- PROBLEM TO SOLVE: Give again, unaltered, the line with "State & local" and all lines that follow it in the listing below, minus any pictures.

- COLLECTED DATA:
Start of Block

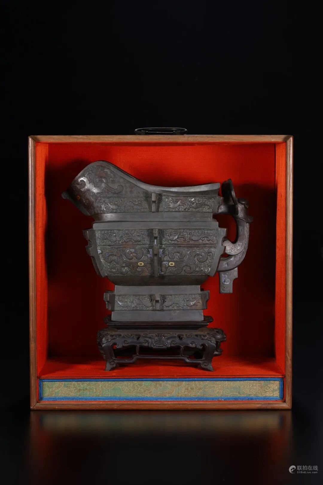 青铜器的制造在我国有着源远流长的的历史,「国之大事,在祭与戎」, 纵观殷商、秦汉唐等盛世,祭祀、朝礼,征讨等国家大事都以举国之力铸造精美的青铜器。此器曲口流槽,后部有曲耳兽首半环形鋬,勾眉凸睛,翘鼻阔面,叶状招风双耳,兽角向内卷曲,形似牛角;饕餮纹正中有一道扉棱为鼻梁,颈部、足墙腹部装饰凤鸟纹与饕餮兽面纹。整器均以雷纹为地,层次分明,外壁满饰浮雕,立体感颇强。宋朝是物质文明和精神文明极其发达的时期,著名史学家陈寅恪说:「华夏民族之文化,历数千载之演进,造极于赵宋之世。」此藏品采用了大面积的错金银工艺,既有仿古商周之气韵,又有工艺细致奢华的精美,为宋朝尚古之佳作。
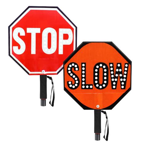 State & local requirements determine appropriate paddle size & paddle. 6″ tall lettering on both sides of the sign reading stop and slow. 52 white/stop face, 58 white/slow face. Using the same reflective coating as basic stops, led stop signs add a dimension of visibility with strobing lights around the outer edge. Web the outcome there could very well be a catastrophic — or even, fatal — accident. Push button activation and function control. This means that drivers will see them earlier, creating safer conditions. Web led stop / slow paddle. Sign faces composed of diamond grade reflective material. Over 12 hours continuous flashing operation per charge.
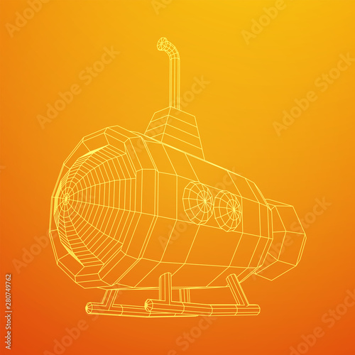 Submarine underwater boat. Wireframe low poly mesh vector illustration

End of Block

- RESULT FOR THIS TASK:
 State & local requirements determine appropriate paddle size & paddle. 6″ tall lettering on both sides of the sign reading stop and slow. 52 white/stop face, 58 white/slow face. Using the same reflective coating as basic stops, led stop signs add a dimension of visibility with strobing lights around the outer edge. Web the outcome there could very well be a catastrophic — or even, fatal — accident. Push button activation and function control. This means that drivers will see them earlier, creating safer conditions. Web led stop / slow paddle. Sign faces composed of diamond grade reflective material. Over 12 hours continuous flashing operation per charge.
 Submarine underwater boat. Wireframe low poly mesh vector illustration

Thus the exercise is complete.